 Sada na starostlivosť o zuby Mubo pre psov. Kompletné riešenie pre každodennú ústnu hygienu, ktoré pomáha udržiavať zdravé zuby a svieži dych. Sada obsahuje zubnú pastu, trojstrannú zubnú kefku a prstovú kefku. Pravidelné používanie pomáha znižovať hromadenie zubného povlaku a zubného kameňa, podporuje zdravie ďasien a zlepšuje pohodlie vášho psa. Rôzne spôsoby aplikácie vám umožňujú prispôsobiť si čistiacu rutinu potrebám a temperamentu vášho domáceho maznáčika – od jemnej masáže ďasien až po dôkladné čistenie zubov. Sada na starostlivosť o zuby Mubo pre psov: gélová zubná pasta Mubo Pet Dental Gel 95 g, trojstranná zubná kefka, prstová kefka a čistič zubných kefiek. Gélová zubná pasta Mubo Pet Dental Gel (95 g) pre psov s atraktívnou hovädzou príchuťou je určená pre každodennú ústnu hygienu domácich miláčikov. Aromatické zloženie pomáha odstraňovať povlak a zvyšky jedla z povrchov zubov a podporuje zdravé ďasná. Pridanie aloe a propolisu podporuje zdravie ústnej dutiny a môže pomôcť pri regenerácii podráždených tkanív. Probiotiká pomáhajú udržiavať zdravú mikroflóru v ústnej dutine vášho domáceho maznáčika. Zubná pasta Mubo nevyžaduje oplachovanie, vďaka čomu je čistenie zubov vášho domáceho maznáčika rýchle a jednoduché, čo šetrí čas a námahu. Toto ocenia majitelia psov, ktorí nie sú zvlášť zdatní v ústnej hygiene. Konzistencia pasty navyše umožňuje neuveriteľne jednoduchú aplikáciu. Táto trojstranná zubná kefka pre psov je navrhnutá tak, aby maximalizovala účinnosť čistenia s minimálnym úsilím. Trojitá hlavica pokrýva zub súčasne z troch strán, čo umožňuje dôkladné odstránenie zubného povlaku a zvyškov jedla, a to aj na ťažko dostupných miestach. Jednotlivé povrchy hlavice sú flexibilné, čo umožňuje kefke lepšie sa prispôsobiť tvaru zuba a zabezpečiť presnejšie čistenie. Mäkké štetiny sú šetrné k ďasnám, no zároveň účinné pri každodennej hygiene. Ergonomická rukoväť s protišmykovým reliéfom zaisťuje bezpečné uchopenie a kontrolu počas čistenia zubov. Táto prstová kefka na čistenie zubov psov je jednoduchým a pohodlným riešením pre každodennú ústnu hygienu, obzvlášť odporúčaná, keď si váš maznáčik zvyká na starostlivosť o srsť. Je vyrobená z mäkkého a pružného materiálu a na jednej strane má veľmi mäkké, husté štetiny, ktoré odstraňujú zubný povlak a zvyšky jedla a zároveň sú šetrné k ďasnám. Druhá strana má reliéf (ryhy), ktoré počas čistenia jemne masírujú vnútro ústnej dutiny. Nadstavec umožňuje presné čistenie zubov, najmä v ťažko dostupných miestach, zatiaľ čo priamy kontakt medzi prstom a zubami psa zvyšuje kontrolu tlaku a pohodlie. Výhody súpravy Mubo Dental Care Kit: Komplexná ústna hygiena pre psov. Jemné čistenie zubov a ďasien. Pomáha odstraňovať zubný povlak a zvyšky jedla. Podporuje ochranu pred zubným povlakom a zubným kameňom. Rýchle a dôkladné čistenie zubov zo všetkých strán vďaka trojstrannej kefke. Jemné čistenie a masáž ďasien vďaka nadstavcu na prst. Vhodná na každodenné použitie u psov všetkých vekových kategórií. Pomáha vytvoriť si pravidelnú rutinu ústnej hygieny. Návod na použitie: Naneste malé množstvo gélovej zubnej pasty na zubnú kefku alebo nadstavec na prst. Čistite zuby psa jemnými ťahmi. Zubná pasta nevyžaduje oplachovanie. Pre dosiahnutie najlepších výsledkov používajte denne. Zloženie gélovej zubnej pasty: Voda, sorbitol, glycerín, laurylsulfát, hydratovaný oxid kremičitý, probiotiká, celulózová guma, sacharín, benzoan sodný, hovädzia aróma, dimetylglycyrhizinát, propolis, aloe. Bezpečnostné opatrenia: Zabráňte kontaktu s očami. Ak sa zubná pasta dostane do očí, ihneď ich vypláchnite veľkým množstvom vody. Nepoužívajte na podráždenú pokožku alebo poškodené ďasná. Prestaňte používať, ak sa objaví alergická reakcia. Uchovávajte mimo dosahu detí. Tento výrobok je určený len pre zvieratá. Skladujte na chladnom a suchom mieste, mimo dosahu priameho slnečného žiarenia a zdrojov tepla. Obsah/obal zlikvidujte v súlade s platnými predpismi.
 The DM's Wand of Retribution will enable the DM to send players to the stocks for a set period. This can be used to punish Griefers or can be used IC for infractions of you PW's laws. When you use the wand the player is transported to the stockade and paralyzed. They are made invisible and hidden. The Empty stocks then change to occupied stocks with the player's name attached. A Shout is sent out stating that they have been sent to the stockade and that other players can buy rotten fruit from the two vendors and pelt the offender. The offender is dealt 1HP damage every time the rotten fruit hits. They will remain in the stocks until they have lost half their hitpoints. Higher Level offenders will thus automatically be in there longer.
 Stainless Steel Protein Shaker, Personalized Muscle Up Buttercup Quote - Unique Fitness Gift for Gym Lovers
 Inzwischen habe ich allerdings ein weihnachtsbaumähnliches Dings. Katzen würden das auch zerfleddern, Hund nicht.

-=-=-

- [The problem] Retype word for word the lines running from the line containing "Stainless Steel Protein" to the end of the listing, and only those.

- [Exercise response]
 Stainless Steel Protein Shaker, Personalized Muscle Up Buttercup Quote - Unique Fitness Gift for Gym Lovers
 Inzwischen habe ich allerdings ein weihnachtsbaumähnliches Dings. Katzen würden das auch zerfleddern, Hund nicht.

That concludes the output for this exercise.